Accurate agent classification is critical. Just because a browser advertises itself as Atlas or Comet doesn’t necessarily make it such. Accurate device fingerprinting is as important as ever, but this must also be coupled with behavioral and timing insights to determine whether there is a human behind the screen at the time of interaction or whether it is being fully automated. 
We believe this approach provides a strong compromise between the facilitation of this new economy and providing protection where it is needed.

As agentic commerce evolves, AI browser vendors will likely shift sensitive interactions toward cloud-based services equipped with keychains or other Know Your Agent (KYA) handshake mechanisms. These services will verify the human behind the agent and establish cryptographic trust between their gateway and your site.
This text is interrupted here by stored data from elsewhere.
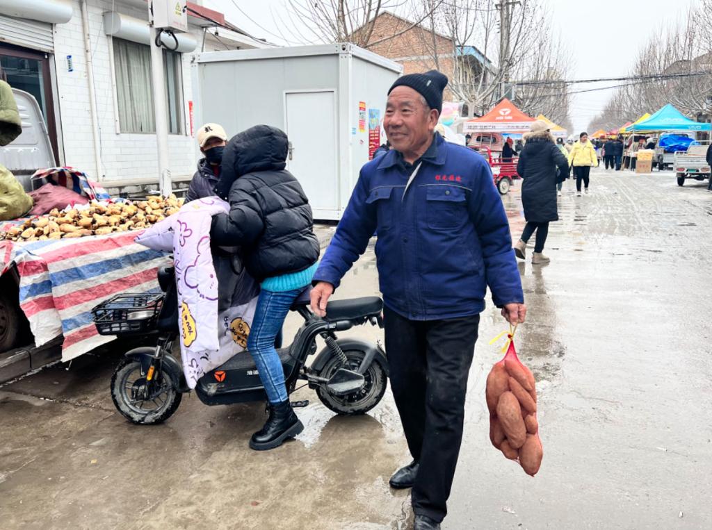 “这红薯好,甜!”今年73岁的李永恩高兴地拎着一大袋红薯正往小三轮车上放。“快过年了,来集上凑热闹!这个集上的菜很新鲜,买了好几样。”虽然年纪大了,走起路来有些蹒跚,但他精神头儿十足,红薯、莲菜、胡萝卜……他兴奋地向记者展示着车上满满当当的年货。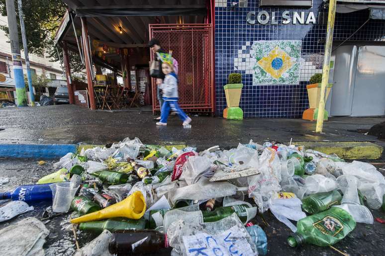 Nesta sexta-feira, dia seguinte à vitória do Brasil no jogo de estreia da Copa do Mundo, sobre a Croácia, o bairro da Vila Madalena, zona oeste de São Paulo, amanheceu com excesso de lixo. Os pedestres foram obrigados a desviar dos detritos nas calçadas e a enfrentar o mau cheiro. Nesta manhã, equipes de limpeza chegaram à região, que foi um dos principais pontos de encontro para assistir à partida, para remover o lixo
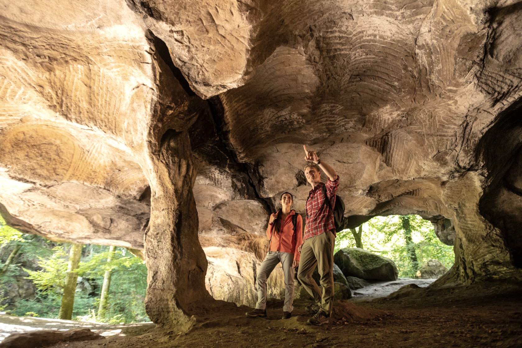 C'est ainsi que le Felsenland, au sud-ouest de l'Eifel, avec ses quelque 50 kilomètres de sentiers rocheux, est une parfaite combinaison de l'histoire de la Terre et de la culture humaine. De plus, grâce à une application gratuite, des audio-guides dévoilent les secrets de "l'enfer vert", les légendes et les histoires de contrebande dans la région frontalière entre le Luxembourg et l'Allemagne, lors de quatre circuits dits "à l'écoute".

But even with this infrastructure in place, adaptive decisioning will remain a necessity. The living intelligence layer that determines how much trust to extend, when to require human confirmation, and when to intervene. Static cryptographic handshakes can prove identity, but they can’t interpret context, velocity, or intent.

Summary

In conclusion, the three key recommendations for eCommerce merchants and marketplaces when it comes to managing trust and risk in the era of agentic commerce:

  1. Build an agentic strategy that is able to adapt to interactions based on behavior and risk tolerance.
  2. Implement tailored interventions that conditionally allow traffic that looks customer authorized, inserting a step up at the point of payment, or when identity risk is introduced.
  3. Ensure your bots strategy continues to robustly block malicious traffic that is performing high risk actions such as scraping, or credential stuffing.

Darwinium is building toward this future today by integrating adaptive decisioning into commerce workflows so that KYA doesn’t just establish trust, but continually earns it. This is how we make agentic-commerce–friendly experiences both possible and safe.